■ **Exercise requirements**
Below this line is the material. Write out only its lines from the one containing "The countywide Homeless" through the one containing "Indicazione: ostruzione delle", both kept, exactly.

■ **Data supplied**
== Segment start ==
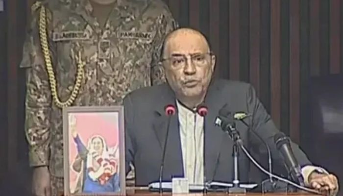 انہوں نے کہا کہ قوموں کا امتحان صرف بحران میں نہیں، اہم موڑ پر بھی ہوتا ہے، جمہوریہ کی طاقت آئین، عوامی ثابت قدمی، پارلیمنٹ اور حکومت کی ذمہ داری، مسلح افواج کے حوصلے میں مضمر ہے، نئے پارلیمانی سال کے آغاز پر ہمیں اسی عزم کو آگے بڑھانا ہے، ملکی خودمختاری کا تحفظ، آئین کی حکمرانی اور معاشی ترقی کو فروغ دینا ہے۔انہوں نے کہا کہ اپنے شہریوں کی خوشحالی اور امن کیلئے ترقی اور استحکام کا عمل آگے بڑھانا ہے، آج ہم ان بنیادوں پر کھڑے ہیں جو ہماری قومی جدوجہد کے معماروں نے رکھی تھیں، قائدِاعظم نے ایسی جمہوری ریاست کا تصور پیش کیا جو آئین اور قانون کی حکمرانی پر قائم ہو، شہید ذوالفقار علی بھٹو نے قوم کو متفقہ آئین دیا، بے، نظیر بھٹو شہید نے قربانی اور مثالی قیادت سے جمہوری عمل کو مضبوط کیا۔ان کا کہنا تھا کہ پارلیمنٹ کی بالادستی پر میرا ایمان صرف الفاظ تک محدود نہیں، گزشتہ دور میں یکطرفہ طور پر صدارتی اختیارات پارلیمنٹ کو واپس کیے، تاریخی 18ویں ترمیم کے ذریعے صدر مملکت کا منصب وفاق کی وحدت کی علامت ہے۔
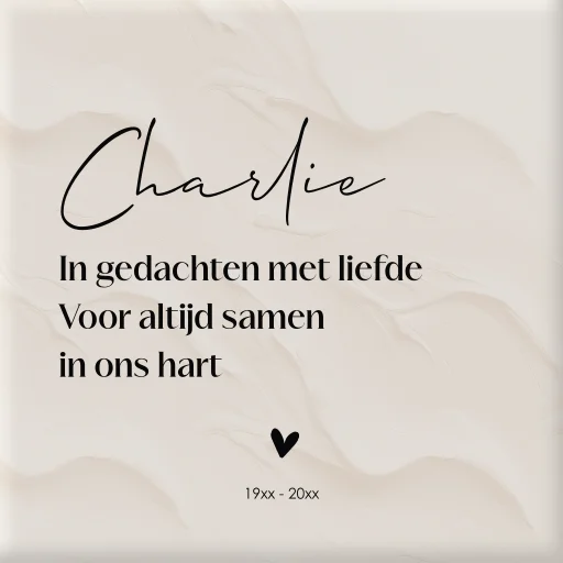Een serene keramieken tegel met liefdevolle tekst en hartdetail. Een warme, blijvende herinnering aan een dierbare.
== Segment end ==
== Segment start ==
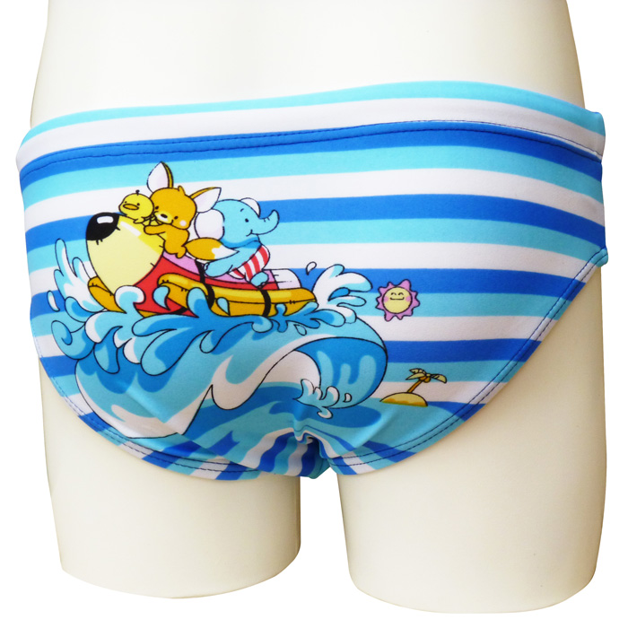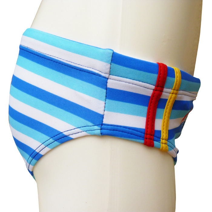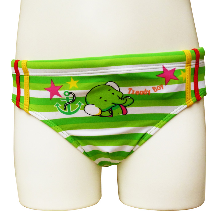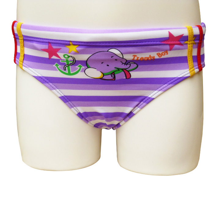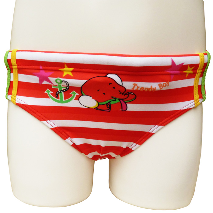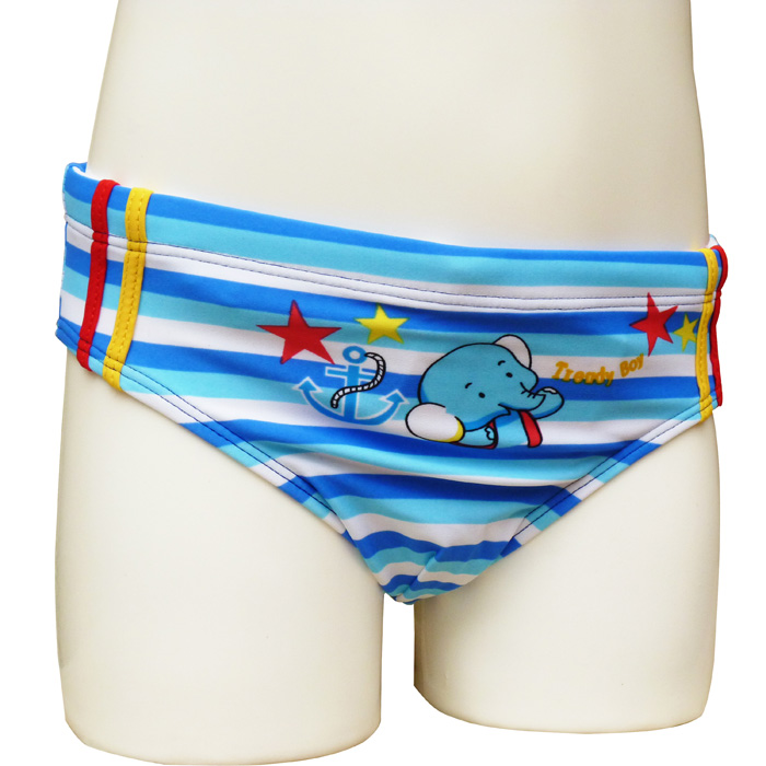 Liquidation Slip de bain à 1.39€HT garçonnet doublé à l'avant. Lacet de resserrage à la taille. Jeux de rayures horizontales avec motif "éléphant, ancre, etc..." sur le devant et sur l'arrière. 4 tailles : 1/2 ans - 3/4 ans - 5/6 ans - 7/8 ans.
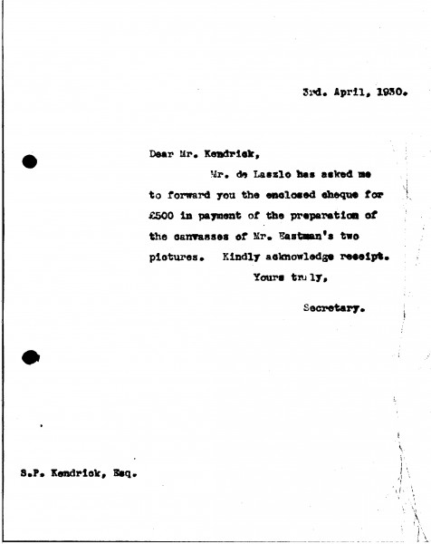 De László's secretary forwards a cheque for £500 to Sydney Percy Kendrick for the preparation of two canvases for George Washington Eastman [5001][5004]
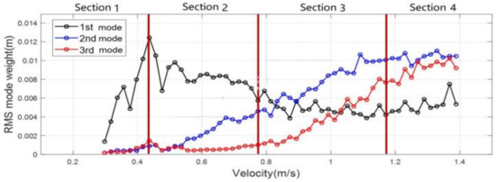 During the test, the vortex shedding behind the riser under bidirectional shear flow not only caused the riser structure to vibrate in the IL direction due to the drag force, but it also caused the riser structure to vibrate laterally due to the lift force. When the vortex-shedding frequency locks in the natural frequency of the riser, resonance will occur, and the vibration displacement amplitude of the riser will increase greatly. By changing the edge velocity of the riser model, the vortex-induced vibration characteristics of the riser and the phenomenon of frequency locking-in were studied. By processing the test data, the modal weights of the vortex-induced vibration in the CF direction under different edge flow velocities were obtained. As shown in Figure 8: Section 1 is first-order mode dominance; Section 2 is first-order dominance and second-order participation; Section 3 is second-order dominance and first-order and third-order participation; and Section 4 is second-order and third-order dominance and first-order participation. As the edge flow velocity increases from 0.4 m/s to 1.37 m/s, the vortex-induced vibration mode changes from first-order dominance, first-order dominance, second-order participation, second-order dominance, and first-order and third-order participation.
== Segment end ==
== Segment start ==
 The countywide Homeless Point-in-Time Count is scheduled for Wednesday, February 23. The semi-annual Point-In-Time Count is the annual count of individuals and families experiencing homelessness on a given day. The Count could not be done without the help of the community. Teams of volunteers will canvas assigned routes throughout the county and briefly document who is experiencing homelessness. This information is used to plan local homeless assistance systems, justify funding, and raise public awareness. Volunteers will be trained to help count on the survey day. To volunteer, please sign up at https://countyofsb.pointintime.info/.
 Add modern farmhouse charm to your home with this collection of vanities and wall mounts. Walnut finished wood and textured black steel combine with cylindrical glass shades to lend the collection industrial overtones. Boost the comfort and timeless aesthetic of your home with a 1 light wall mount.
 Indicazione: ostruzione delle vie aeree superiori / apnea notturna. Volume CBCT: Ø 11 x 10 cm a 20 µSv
== Segment end ==
■ **Your response**
 The countywide Homeless Point-in-Time Count is scheduled for Wednesday, February 23. The semi-annual Point-In-Time Count is the annual count of individuals and families experiencing homelessness on a given day. The Count could not be done without the help of the community. Teams of volunteers will canvas assigned routes throughout the county and briefly document who is experiencing homelessness. This information is used to plan local homeless assistance systems, justify funding, and raise public awareness. Volunteers will be trained to help count on the survey day. To volunteer, please sign up at https://countyofsb.pointintime.info/.
 Add modern farmhouse charm to your home with this collection of vanities and wall mounts. Walnut finished wood and textured black steel combine with cylindrical glass shades to lend the collection industrial overtones. Boost the comfort and timeless aesthetic of your home with a 1 light wall mount.
 Indicazione: ostruzione delle vie aeree superiori / apnea notturna. Volume CBCT: Ø 11 x 10 cm a 20 µSv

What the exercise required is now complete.